Source records
-*-*-
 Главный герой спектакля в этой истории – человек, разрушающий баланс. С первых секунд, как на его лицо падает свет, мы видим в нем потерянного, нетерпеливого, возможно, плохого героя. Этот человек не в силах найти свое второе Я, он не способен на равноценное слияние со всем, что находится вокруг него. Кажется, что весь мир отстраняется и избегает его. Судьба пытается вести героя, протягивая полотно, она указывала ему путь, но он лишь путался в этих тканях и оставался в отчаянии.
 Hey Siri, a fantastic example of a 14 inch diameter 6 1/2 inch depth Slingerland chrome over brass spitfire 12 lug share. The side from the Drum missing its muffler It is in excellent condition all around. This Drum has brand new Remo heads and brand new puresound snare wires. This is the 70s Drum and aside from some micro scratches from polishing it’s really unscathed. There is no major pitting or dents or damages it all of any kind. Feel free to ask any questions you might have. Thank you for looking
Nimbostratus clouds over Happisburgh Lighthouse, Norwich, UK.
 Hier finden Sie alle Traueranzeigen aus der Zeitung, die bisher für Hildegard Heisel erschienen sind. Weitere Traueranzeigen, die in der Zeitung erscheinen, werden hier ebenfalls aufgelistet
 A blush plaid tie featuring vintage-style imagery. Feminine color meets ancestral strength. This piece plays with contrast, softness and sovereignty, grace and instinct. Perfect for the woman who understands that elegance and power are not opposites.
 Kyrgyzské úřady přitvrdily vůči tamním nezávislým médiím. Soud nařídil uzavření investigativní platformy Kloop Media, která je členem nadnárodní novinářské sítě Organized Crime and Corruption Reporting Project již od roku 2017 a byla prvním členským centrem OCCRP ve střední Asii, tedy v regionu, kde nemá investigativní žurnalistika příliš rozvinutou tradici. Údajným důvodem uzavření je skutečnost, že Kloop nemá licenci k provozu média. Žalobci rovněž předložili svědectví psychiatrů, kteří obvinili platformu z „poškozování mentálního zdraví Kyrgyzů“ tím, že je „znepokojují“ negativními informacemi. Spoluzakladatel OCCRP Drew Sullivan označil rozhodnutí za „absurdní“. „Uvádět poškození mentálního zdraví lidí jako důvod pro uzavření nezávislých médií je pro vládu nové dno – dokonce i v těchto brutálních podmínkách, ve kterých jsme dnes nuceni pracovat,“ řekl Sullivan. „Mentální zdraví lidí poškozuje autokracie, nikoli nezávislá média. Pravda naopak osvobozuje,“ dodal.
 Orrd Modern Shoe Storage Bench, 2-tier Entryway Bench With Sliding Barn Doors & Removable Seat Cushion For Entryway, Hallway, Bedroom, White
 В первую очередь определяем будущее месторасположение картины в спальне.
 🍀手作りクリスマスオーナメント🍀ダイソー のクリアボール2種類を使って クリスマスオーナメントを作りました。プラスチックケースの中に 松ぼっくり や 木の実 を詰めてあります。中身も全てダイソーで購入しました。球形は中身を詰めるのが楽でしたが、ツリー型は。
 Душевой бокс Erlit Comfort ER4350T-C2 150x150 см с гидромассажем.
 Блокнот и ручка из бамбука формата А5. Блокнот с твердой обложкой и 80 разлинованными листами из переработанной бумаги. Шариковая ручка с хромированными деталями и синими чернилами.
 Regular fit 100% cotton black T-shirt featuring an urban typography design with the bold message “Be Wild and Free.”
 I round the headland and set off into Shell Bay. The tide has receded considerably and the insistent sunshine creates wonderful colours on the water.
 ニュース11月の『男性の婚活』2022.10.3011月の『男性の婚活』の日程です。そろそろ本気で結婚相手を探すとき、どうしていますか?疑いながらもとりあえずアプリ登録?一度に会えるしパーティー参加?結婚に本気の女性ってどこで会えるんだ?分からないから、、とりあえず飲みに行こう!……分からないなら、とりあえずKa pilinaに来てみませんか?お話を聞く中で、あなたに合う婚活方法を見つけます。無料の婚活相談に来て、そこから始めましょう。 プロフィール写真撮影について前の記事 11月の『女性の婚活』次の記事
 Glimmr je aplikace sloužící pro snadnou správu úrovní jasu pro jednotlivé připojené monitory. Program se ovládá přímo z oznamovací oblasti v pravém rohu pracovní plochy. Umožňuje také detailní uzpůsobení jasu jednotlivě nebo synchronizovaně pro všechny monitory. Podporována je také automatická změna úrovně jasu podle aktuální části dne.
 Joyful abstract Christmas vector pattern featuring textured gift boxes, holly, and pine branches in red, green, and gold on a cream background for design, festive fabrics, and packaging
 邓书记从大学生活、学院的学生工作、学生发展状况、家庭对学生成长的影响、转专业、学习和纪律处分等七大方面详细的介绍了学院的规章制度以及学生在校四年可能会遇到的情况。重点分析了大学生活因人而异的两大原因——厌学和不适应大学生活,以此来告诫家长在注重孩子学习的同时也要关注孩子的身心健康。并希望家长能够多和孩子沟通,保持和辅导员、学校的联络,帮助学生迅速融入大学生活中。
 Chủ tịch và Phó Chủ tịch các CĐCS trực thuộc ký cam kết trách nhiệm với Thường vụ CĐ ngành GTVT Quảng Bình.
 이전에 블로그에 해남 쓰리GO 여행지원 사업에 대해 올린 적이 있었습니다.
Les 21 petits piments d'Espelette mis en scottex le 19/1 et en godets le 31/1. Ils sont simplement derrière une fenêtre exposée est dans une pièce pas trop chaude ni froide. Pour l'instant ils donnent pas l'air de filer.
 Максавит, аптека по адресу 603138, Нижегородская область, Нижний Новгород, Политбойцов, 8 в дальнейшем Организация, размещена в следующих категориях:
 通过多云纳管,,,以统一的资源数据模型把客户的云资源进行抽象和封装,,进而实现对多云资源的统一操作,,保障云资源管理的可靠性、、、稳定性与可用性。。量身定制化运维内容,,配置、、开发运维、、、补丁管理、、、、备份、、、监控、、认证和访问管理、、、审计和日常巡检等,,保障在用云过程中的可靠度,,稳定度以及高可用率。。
-*-*-
Required action | Your answer should be the lines of the records that include the word "design".

Written response |
 Regular fit 100% cotton black T-shirt featuring an urban typography design with the bold message “Be Wild and Free.”
 Joyful abstract Christmas vector pattern featuring textured gift boxes, holly, and pine branches in red, green, and gold on a cream background for design, festive fabrics, and packaging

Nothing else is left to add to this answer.